### SUPPLIED DATA:
——————

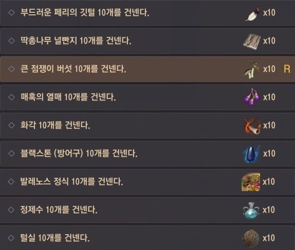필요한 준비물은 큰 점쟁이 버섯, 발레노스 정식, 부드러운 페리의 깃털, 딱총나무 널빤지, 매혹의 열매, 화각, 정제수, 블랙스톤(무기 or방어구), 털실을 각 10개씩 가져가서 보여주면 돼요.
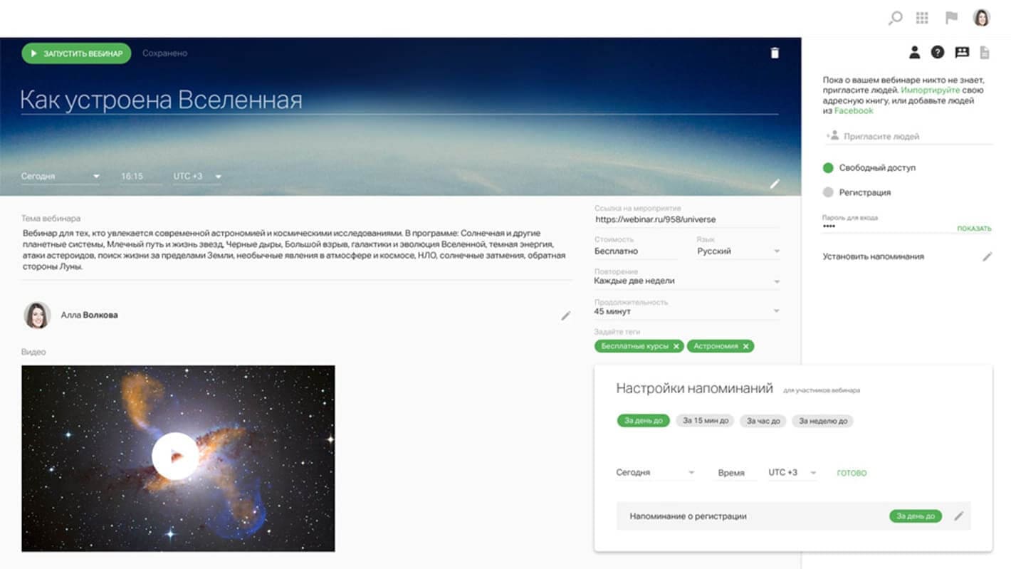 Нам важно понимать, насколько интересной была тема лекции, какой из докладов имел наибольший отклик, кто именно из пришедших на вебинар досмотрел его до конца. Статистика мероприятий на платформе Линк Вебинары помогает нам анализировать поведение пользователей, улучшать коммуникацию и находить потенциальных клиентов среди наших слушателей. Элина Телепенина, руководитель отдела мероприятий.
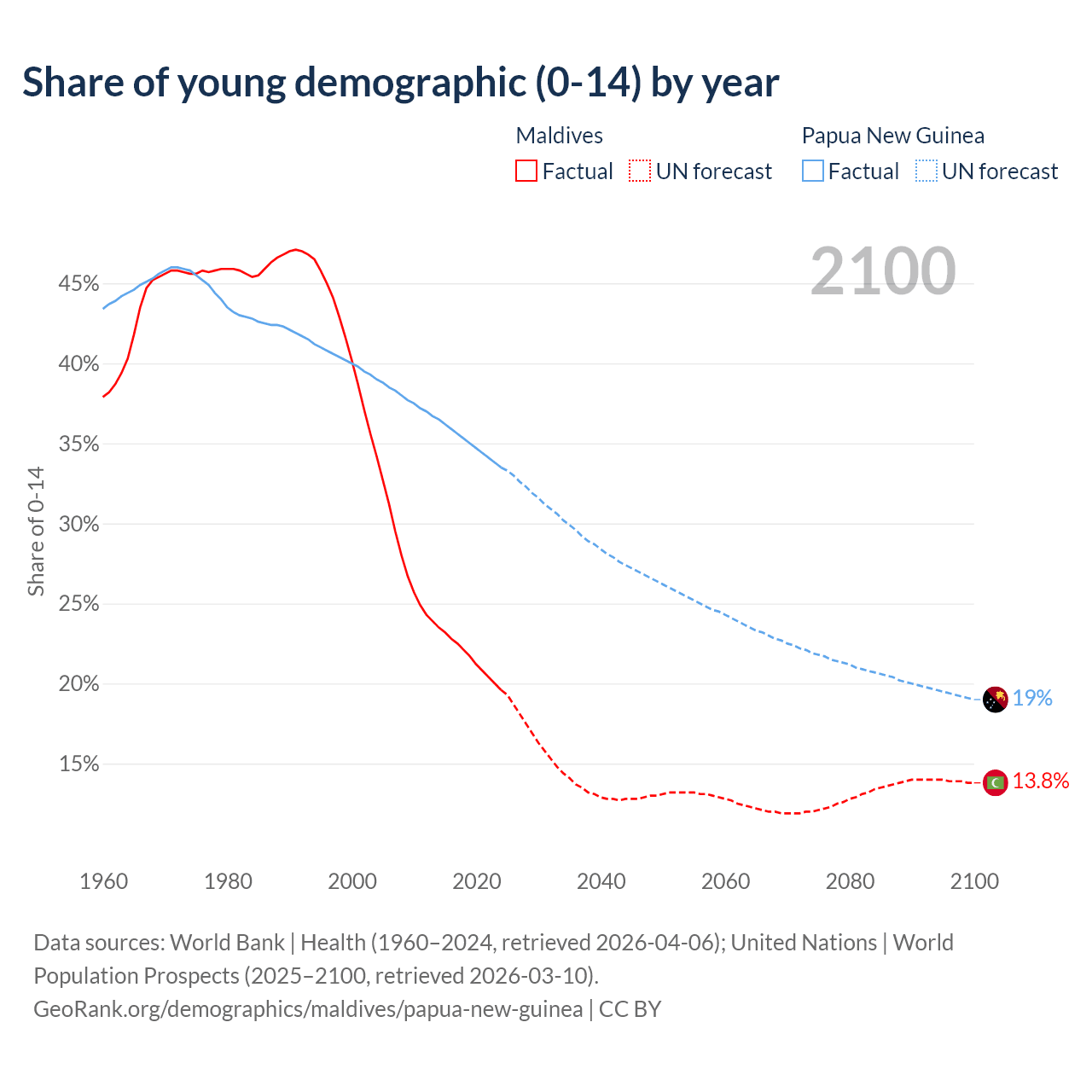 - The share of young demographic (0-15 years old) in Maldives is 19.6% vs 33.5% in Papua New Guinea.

——————

### WORK TO COMPLETE:
Every line of the material must be returned exactly; leave the images out.

### SOLVED EXERCISE:
필요한 준비물은 큰 점쟁이 버섯, 발레노스 정식, 부드러운 페리의 깃털, 딱총나무 널빤지, 매혹의 열매, 화각, 정제수, 블랙스톤(무기 or방어구), 털실을 각 10개씩 가져가서 보여주면 돼요.
 Нам важно понимать, насколько интересной была тема лекции, какой из докладов имел наибольший отклик, кто именно из пришедших на вебинар досмотрел его до конца. Статистика мероприятий на платформе Линк Вебинары помогает нам анализировать поведение пользователей, улучшать коммуникацию и находить потенциальных клиентов среди наших слушателей. Элина Телепенина, руководитель отдела мероприятий.
 - The share of young demographic (0-15 years old) in Maldives is 19.6% vs 33.5% in Papua New Guinea.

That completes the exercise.